A Ruth–Aaron pair consists of two consecutive integers (e.g., 714 and 715) for which the sums of the prime divisors of each integer are equal. So called because 714 is Babe Ruth's lifetime home run record; Hank Aaron's 715th home run broke this record and 714 and 715 have the same prime divisor sum.

A Ruth–Aaron triple consists of three consecutive integers with the same properties.

There is a second variant of Ruth–Aaron numbers, one which uses prime factors rather than prime divisors. The difference; divisors are unique, factors may be repeated. The 714, 715 pair appears in both, so the name still fits.

It is common to refer to each Ruth–Aaron group by the first number in it.
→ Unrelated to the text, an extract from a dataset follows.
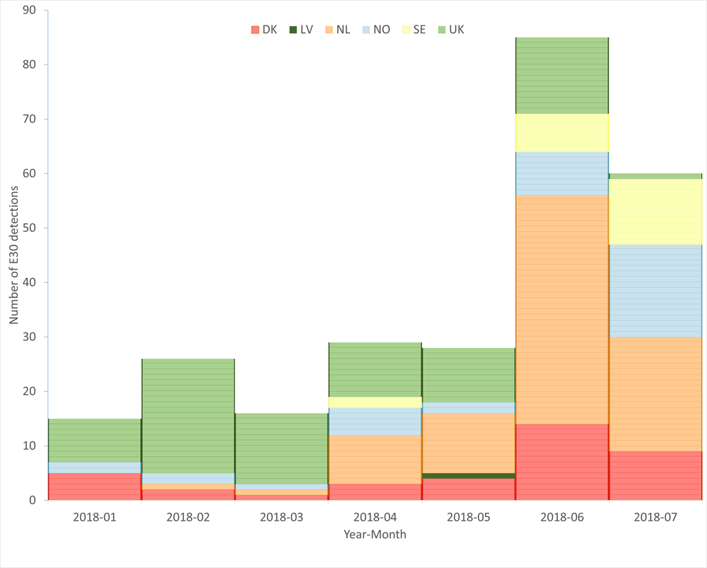 ECDC has compared the available E30 reports from nine Member States in response to a data call through the Epidemic Intelligence Information System–Vaccine Preventable Diseases (EPIS-VPD) platform to earlier collected country-specific E30 detection data from 2015 to 2017. Based on available preliminary data, 259 E30 detections from Denmark (38), Latvia (1), the Netherlands (85), Norway (37), Sweden (21) and the United Kingdom (England and Scotland; 77) were reported since the beginning of 2018 (Figure). An increase was observed in reports from the United Kingdom in February and in Denmark, the Netherlands, Norway and Sweden in June 2018, with the Netherlands reporting higher numbers of E30 infections than previous years. Denmark reported that 23 out of their 38 E30 detections (61%) were from cerebrospinal fluid specimens, which can be used as a proxy for severe infection. In total, 149 out of 167 patients (89%) were reported with central nervous system symptoms from the Netherlands, Norway and the United Kingdom. Of those, 27 were reported with meningitis, 26 encephalitis/meningitis and one patient with sepsis, fever, tachycardia and groaning respiration. For others, the specific symptoms were unknown. Until now, the epidemic has affected mostly infants 0-3 months old (22%) and 26-45-year-olds (38%). With the available preliminary data, the male to female ratio was 1.27.

Let's start with the solution:

Step by Step solution about How to resolve the algorithm Ruth-Aaron numbers step by step in the C++ programming language

This code in C++ finds and prints the first 30 Ruth-Aaron numbers using two different methods: sum of prime factors and sum of prime divisors. Additionally, it finds and prints the first Ruth-Aaron triple for both methods.

A Ruth-Aaron number is a positive integer whose sum of prime factors (or sum of prime divisors) is equal to the sum of prime factors (or sum of prime divisors) of the next consecutive integer.

Here's how the code works:

  1. Main Function:

    • main() function initializes variables and sets a limit of 30 for finding Ruth-Aaron numbers.
    • It then prints the first 30 Ruth-Aaron numbers based on prime factors and divisors separately.
    • Finally, it finds and prints the first Ruth-Aaron triple for both methods.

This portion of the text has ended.